This just out: adding to the TBR pile

I know, right? Like we don’t all have enough books stacked up to keep us going for the next ten years. Even so, some books are just too tempting to pass up.

In particular, I see a fourth MAGIC THIEF book has hit the shelves.

Magic Thief

Sarah Prineas is either more reticent about tweeting new releases every hour on the hour than some authors, or else I happened to miss her tweets, because I found this out via Brandy’s comments on Twitter. Here’s her review. Sounds like the book is a treat! I really enjoyed the first three Magic Thief books and look forward to reading this one. I got it in paper because I have the others in paper, so it hasn’t actually *arrived* yet, but it’s on its way.

Okay, and this has been out for days and days:

Raksura

Very exciting! Because I’m already familiar with the world and the characters, I will be able to read this while working on the KEHERA revision, so I will get to this soon. At the moment I am still working my way through Lindsay Buroker’s REPUBLIC, so it will be days before I get to STORIES OF THE RAKSURA. But I have been waiting for these!

Also, how about this?

Rondo

I got this one because Smith’s comments about this title at Goodreads made it sound really interesting! I’m finding it hard to excerpt a tidbit from her comments that makes sense, so what the heck, here is the whole thing:

The impetus behind this story was to novelize the delightful journals of Betsey Wynne (with entries by two of her sisters), which I reread every few years. She had such a fascinating life, which began as a young girl in France as her restless dad used his fortune to extend his Grand Tour for his entire life. Betsey and her sisters learned from an early age to speak English, French, German, and Italian.

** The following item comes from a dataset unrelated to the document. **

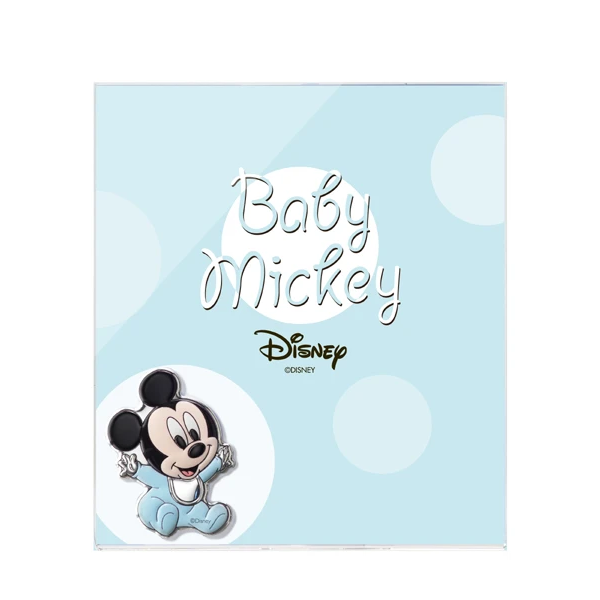 Disney cornice Topolino in argento e plex con Mickey mouse baby in argento smaltato di colore celeste.

When the French Revolution occurred, they were near the French border, desperate for news from Paris—and when their dad decided to get away from the spreading Terror, unfortunately he had no idea that the French army would soon be overtaking them. They ended up in Naples, which had its own problems. But Betsey escaped the worst of them by marrying, as a teenager, the older Thomas Fremantle, one of Nelson’s captains. Her marriage was personally arranged by the fascinating, and infamous, Emma Hamilton, lover of Lord Nelson.

For a time Betsey sailed with the fleet, but that journal is lost; he soon landed her in England, where she and her sisters set about having a life (she had nine children) as Fremantle sailed cruise after cruise.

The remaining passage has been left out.